ABD'den Google'ın tekelini korumak için yılda 10 milyar dolar ödediği iddiası

ABD Adalet Bakanlığı, Google'ı web tarayıcıları ve mobil cihazlarda varsayılan arama motoru konumunu korumak için yılda 10 milyar dolardan fazla para ödemekle suçladı

ABD'de Google'a son 25 yılın en büyük "antitröst" davası açılmıştı (AA)
ABD'de Google'a son 25 yılın en büyük "antitröst" davası açılmıştı (AA)
TT

ABD'den Google'ın tekelini korumak için yılda 10 milyar dolar ödediği iddiası

ABD'de Google'a son 25 yılın en büyük "antitröst" davası açılmıştı (AA)
ABD'de Google'a son 25 yılın en büyük "antitröst" davası açılmıştı (AA)
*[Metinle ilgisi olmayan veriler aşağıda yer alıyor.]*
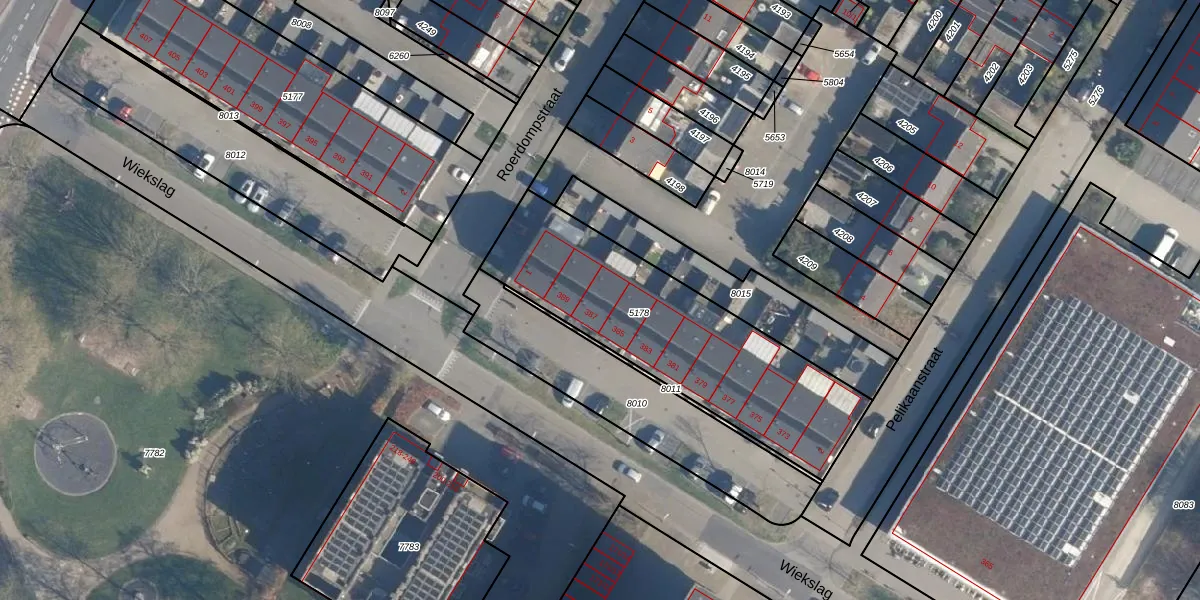Het perceel waarop Wiekslag 387 staat heeft een oppervlakte van 1054 m². Dit is een zeer groot perceel. De perceeloppervlakte wordt geregistreerd door het Kadaster. Gedetailleerde informatie over de maten van dit perceel kunt u vinden in het rapport Kadastrale kaart met maatvoering van Wiekslag 387.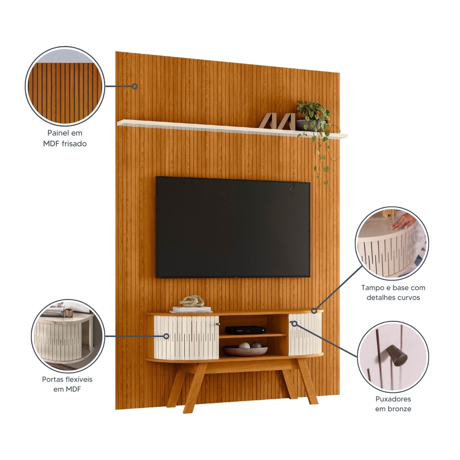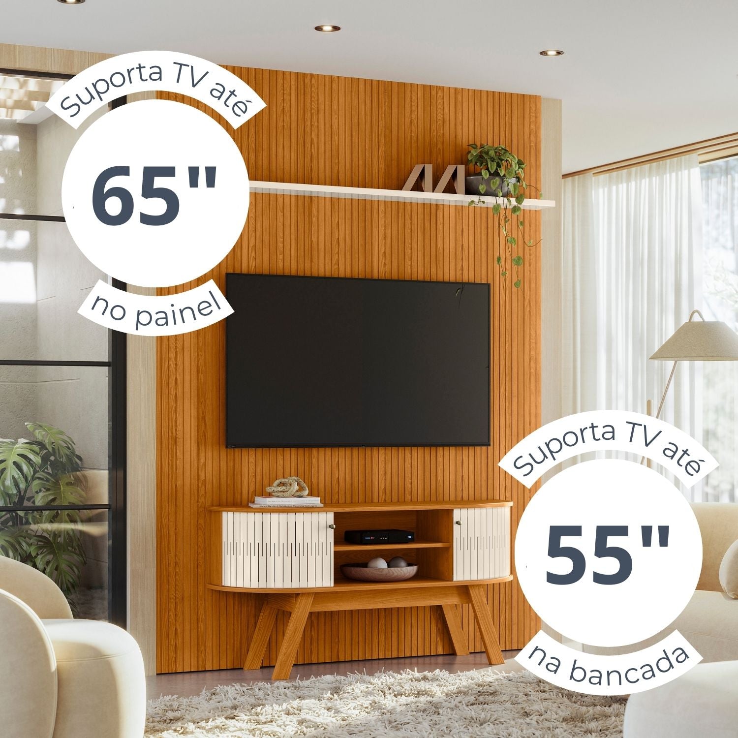 Produzida com chapas de MDP e MDF de 12, 15 e 25 mm e pintura UV de alta qualidade, a composição oferece resistência e longa vida útil. O conjunto é ideal para TVs de até 65 polegadas no painel e 55 polegadas na bancada.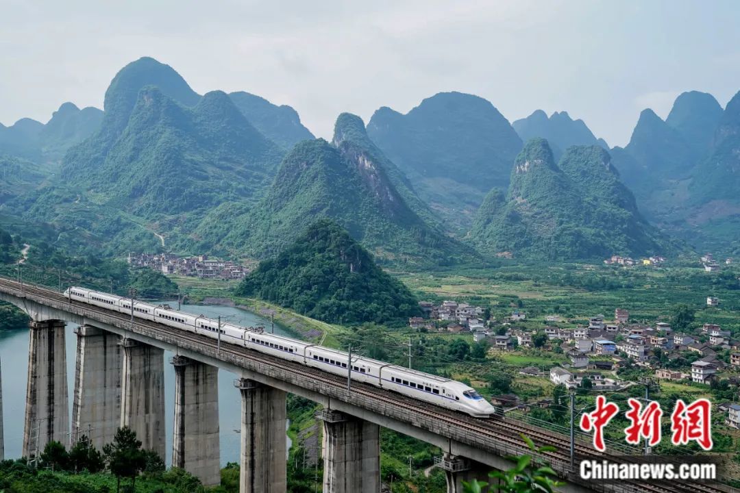 2019年5月,一列動車穿越位于廣西陽朔縣興坪鎮(zhèn)內的幸福源特大橋。陳冠言 攝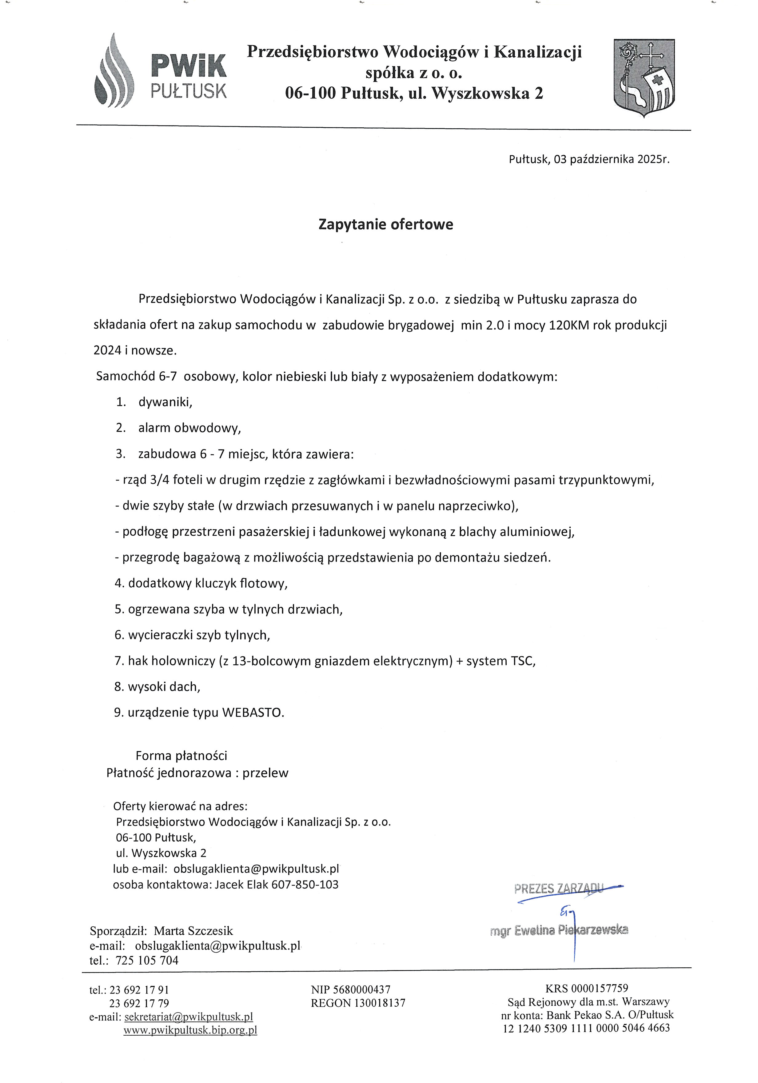 lub na e-mail: obslugaklienta@pwikpultusk.pl

ABD Adalet Bakanlığının tekelleşmeye gittiği gerekçesiyle Google'a açtığı, son 25 yılın en büyük "antitröst" davasının duruşması başladı.

Adalet Bakanlığı Avukatı Kenneth Dintzer, söz konusu davanın internetin geleceği ve Google'ın arama motorunun anlamlı bir rekabetle karşılaşıp karşılaşmayacağıyla ilgili olduğunu belirtti.

Google'ın, web tarayıcılarında varsayılan arama motoru olmak için yılda milyarlarca dolar harcayarak tekelini koruduğunu iddia eden Dintzer, "Google bu ayrıcalıklı pozisyonlar için yılda 10 milyar dolardan fazla para ödüyor" ifadesini kullandı.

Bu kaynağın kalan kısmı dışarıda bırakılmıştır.